I’ll second the recommendation for the GorillaPod. I have a GorillaPod Zoom SLR and love it. I’m not convinced that it would really hold a normal DSLR with anything above the smallest zooms even when shooting in portrait format, though. I use mine with a Canon Powershot G9 (it’s my travel setup when I can’t carry my DSLR – both will fit in my laptop bag on business trips) and, with the addition of a small Giotto ball-head, it’s superb.

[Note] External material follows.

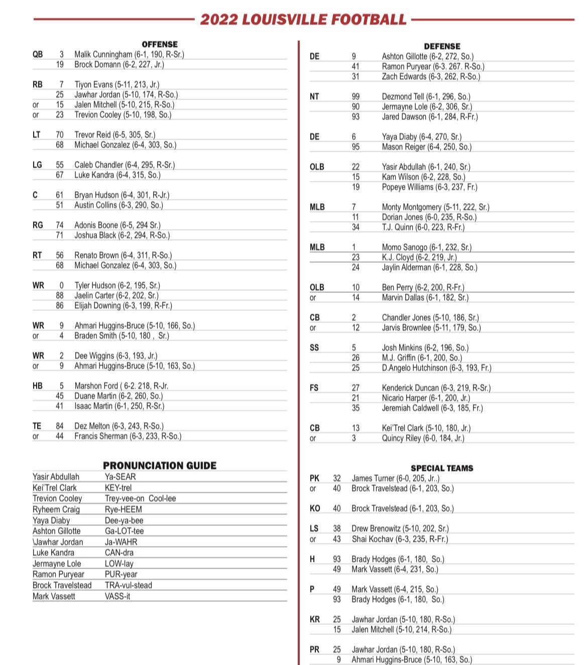 Louisville football unveils first depth chart for 2022 Card Chronicle
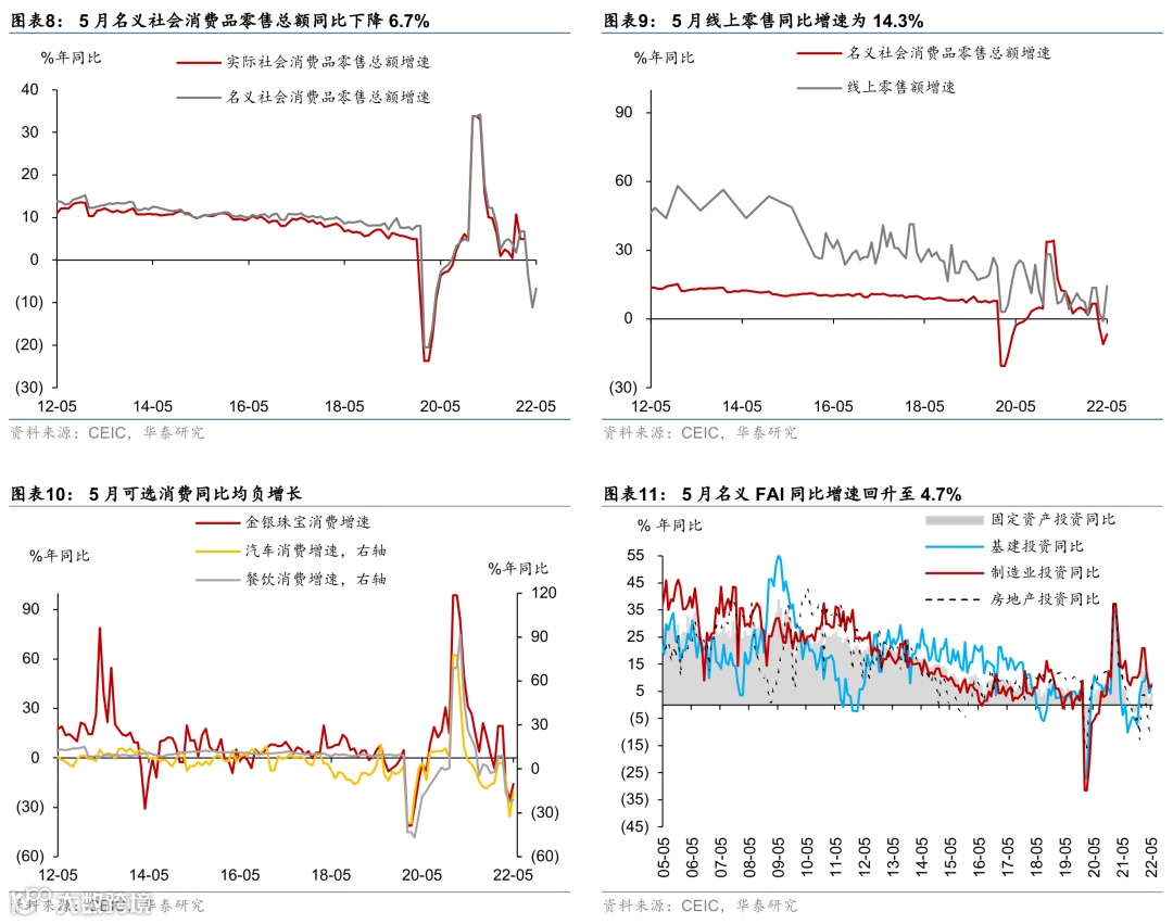 【华泰宏观】 生产消费略恢复、地产指标仍堪忧 | 2022年5月经济活动数据点评

One of the best things about it is its ability to attach to railings and even vertical posts by winding the legs around them allowing you to do fun things like this.

Hey Dave,

It actually does hold a camera with a mid-sized lens, and as I discussed on the show, if the lens has a tripod attachment, bigger lenses can be used. Probably not to wrap around poles but steadying the tripod on a horizontal surface it works. Another great thing about this little gadgets that none of us mentioned but I’m using it for is as a light stand. With a small adapter on the shoe of the strobes, you can use the GorillaPods to place the strobe basically anywhere.

Thanks for the comment.

Unfortunately, I can’t afford lenses with tripod collars 🙁 I also use my GorillaPod as a light stand too – another great use I had forgotten about.

At the moment when I’m traveling I only carry a mono pod, but I really need a small handy tripod. maybe the gorilla one would work?